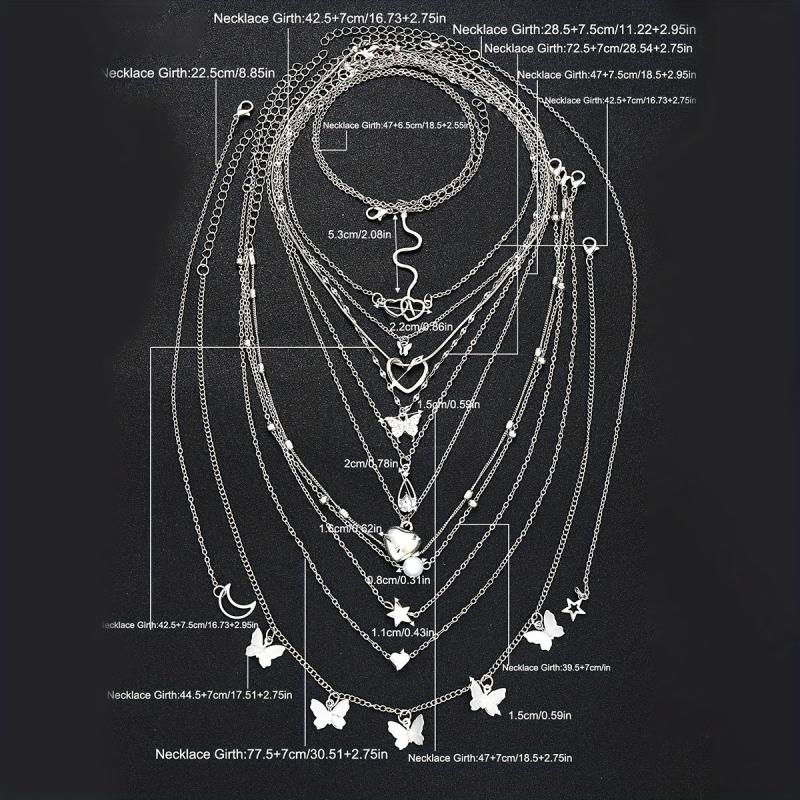 This stunning necklace set features 11 different pendants including hearts, snakes, butterflies, moons, stars, and drops. Perfect for vacation, date nights, everyday wear, anniversaries, or holiday gifts.
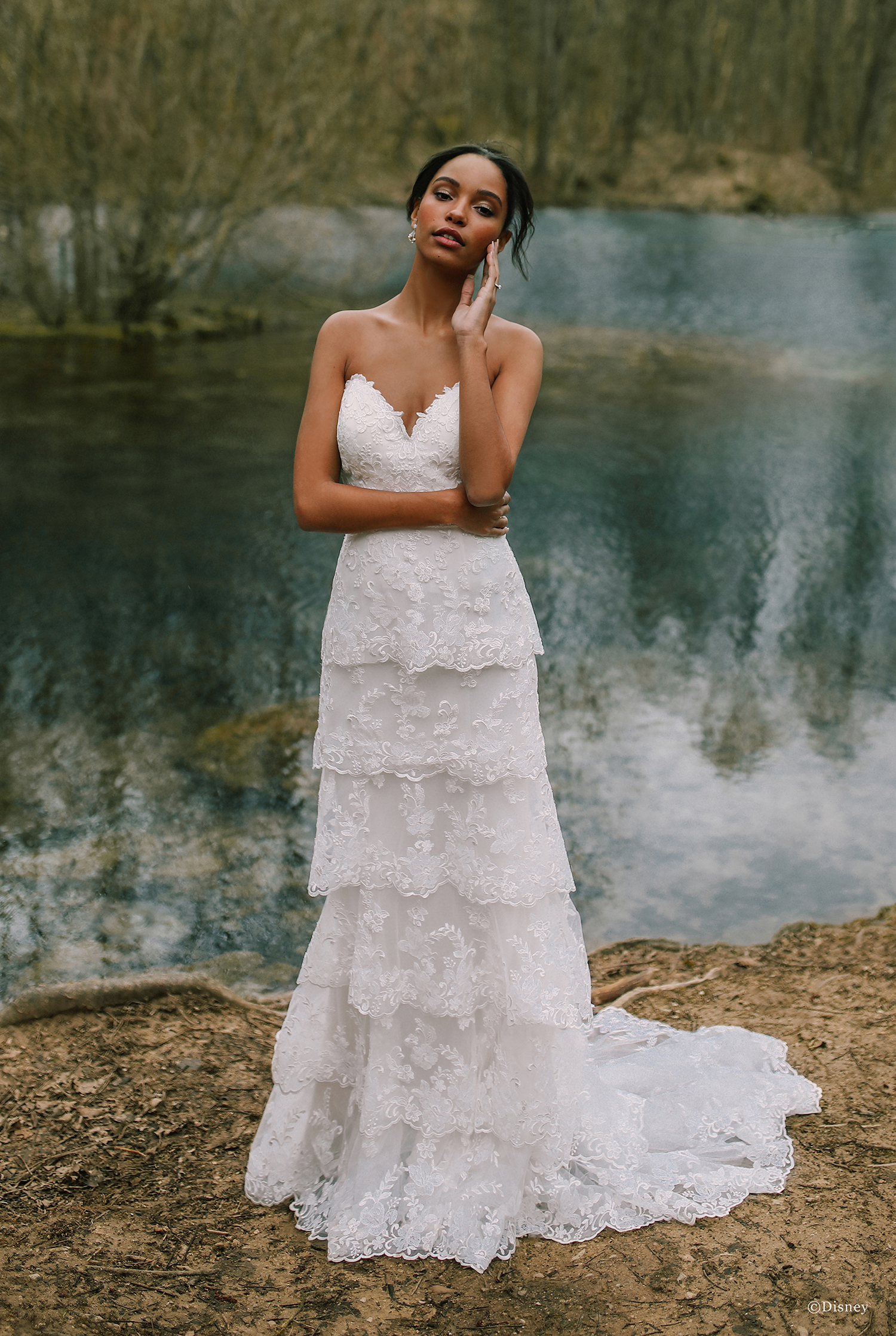 Disney Fairy Tale Weddings D268 Tiana-inspired gown evokes the opulence and elegance of the Jazz Age. The slender silhouette with a strapless, sweetheart neckline gives this dress a gorgeous and understated beauty. Delicate and sweet; tiers of soft tulle and Alencon lace cascade the length of this gown– very modern with vintage flair.
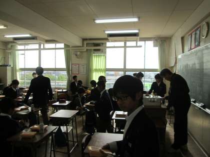本日の給食は、3年が懇談会のため、1・2年のみ。
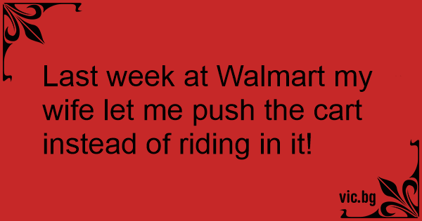 Last week at Walmart my wife let me push the cart instead of riding in it!
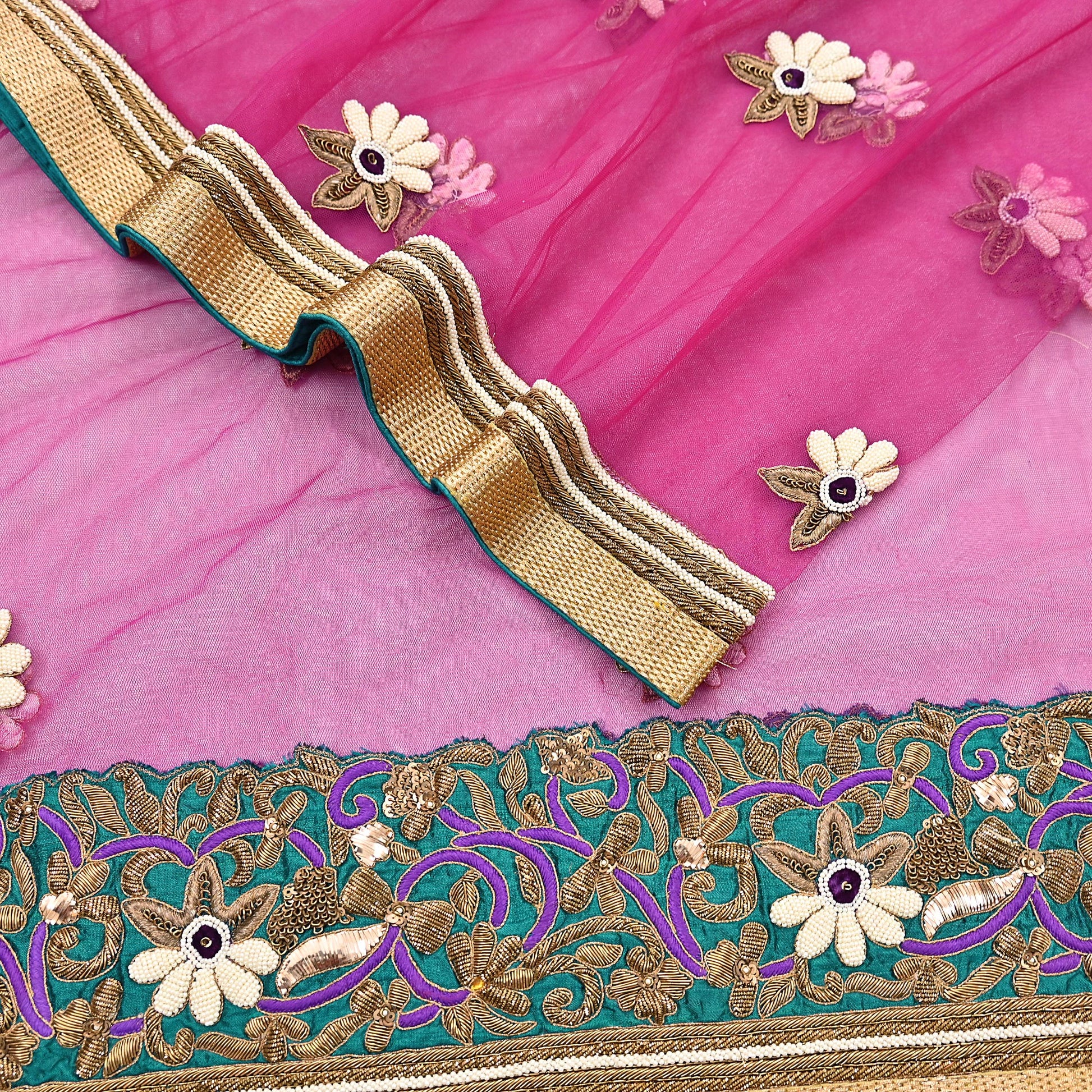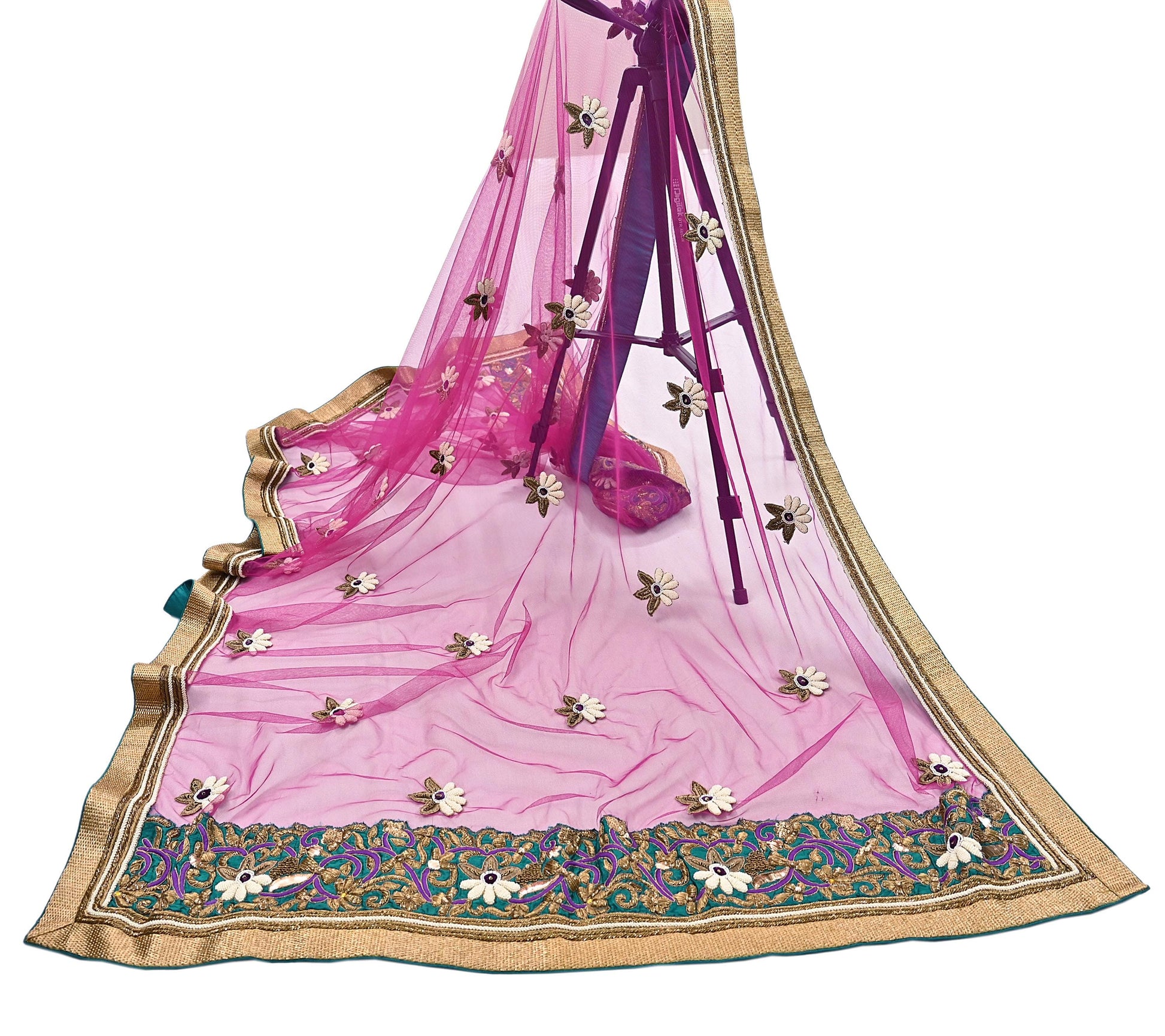 Stunning Beautiful Heavy Dupatta Hand Embroidered Net Dupatta/Stole In Purple Color Fabric. This one of a kind item is difficult to express in words. Border feature is floral & Paisley design embroidered pure metallic Golden zardozi/ Dabka, Zari, Copper Sequins, White Pearl Like Beaded, purple thread, mukesh work embellished work is the highlight of the dupatta. Also you can see similar Zardozi, Beaded work with floral pattern in center part adds to its beauty. purple velvet patches & green silk Border work is giving a fabulous look to the dupatta. Awesome one !!!

——

HOW TO COMPLETE THIS TASK = Apart from the pictures, restate all of the listing above exactly.

YOUR SOLUTION =
 This stunning necklace set features 11 different pendants including hearts, snakes, butterflies, moons, stars, and drops. Perfect for vacation, date nights, everyday wear, anniversaries, or holiday gifts.
 Disney Fairy Tale Weddings D268 Tiana-inspired gown evokes the opulence and elegance of the Jazz Age. The slender silhouette with a strapless, sweetheart neckline gives this dress a gorgeous and understated beauty. Delicate and sweet; tiers of soft tulle and Alencon lace cascade the length of this gown– very modern with vintage flair.
本日の給食は、3年が懇談会のため、1・2年のみ。
 Last week at Walmart my wife let me push the cart instead of riding in it!
 Stunning Beautiful Heavy Dupatta Hand Embroidered Net Dupatta/Stole In Purple Color Fabric. This one of a kind item is difficult to express in words. Border feature is floral & Paisley design embroidered pure metallic Golden zardozi/ Dabka, Zari, Copper Sequins, White Pearl Like Beaded, purple thread, mukesh work embellished work is the highlight of the dupatta. Also you can see similar Zardozi, Beaded work with floral pattern in center part adds to its beauty. purple velvet patches & green silk Border work is giving a fabulous look to the dupatta. Awesome one !!!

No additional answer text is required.